* _Data shown_:
=== Begin Enclosure ===
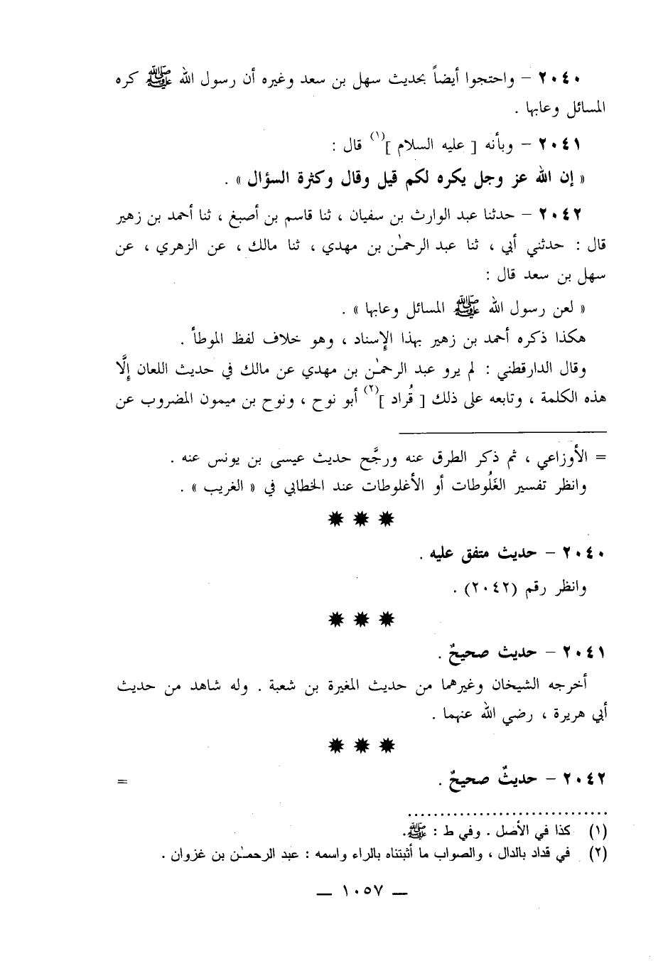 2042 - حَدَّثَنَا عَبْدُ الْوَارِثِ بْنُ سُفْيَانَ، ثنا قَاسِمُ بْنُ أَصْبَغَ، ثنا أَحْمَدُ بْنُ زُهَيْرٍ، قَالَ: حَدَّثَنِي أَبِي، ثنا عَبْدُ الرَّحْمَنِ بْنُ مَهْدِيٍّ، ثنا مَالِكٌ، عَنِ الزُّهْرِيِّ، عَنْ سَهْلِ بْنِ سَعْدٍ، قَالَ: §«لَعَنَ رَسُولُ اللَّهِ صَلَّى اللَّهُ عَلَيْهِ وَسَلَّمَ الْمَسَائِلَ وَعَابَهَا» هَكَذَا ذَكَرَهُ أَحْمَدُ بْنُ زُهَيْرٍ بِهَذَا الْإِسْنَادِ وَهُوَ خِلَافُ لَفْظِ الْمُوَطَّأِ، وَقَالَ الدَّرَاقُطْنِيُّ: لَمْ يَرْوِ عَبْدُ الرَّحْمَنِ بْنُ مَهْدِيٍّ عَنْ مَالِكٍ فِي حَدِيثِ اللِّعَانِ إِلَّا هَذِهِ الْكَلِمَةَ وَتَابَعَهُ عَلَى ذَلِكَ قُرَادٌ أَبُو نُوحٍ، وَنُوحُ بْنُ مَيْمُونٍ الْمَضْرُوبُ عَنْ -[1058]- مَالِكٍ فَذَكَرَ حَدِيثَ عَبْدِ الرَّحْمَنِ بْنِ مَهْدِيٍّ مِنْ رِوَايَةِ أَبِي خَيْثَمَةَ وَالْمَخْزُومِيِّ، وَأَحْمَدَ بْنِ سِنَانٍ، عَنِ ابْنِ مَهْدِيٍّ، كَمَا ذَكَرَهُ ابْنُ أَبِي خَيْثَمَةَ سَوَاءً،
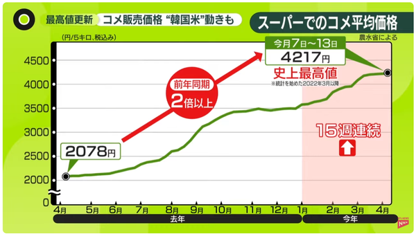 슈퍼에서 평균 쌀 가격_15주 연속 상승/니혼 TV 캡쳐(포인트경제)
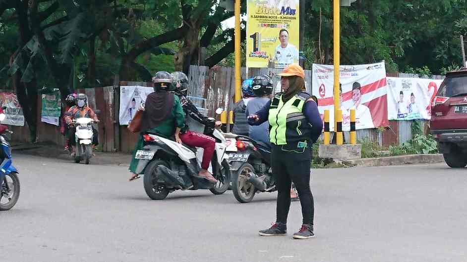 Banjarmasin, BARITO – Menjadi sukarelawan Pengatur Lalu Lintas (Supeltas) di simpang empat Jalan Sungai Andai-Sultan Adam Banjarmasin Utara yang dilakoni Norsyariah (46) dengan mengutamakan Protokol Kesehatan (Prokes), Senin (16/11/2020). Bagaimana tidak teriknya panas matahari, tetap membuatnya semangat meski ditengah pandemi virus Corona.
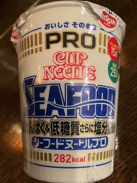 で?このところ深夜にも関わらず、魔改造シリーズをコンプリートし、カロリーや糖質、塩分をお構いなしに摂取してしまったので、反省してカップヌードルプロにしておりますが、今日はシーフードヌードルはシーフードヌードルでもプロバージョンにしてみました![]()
=== End Enclosure ===
* _Work to be completed_: Starting at the line that contains "Banjarmasin, BARITO –" and ending at the final line of the data, reproduce each line exactly. Pictures stay out of the copy.

* _Result of this exercise_:
 Banjarmasin, BARITO – Menjadi sukarelawan Pengatur Lalu Lintas (Supeltas) di simpang empat Jalan Sungai Andai-Sultan Adam Banjarmasin Utara yang dilakoni Norsyariah (46) dengan mengutamakan Protokol Kesehatan (Prokes), Senin (16/11/2020). Bagaimana tidak teriknya panas matahari, tetap membuatnya semangat meski ditengah pandemi virus Corona.
 で?このところ深夜にも関わらず、魔改造シリーズをコンプリートし、カロリーや糖質、塩分をお構いなしに摂取してしまったので、反省してカップヌードルプロにしておりますが、今日はシーフードヌードルはシーフードヌードルでもプロバージョンにしてみました![]()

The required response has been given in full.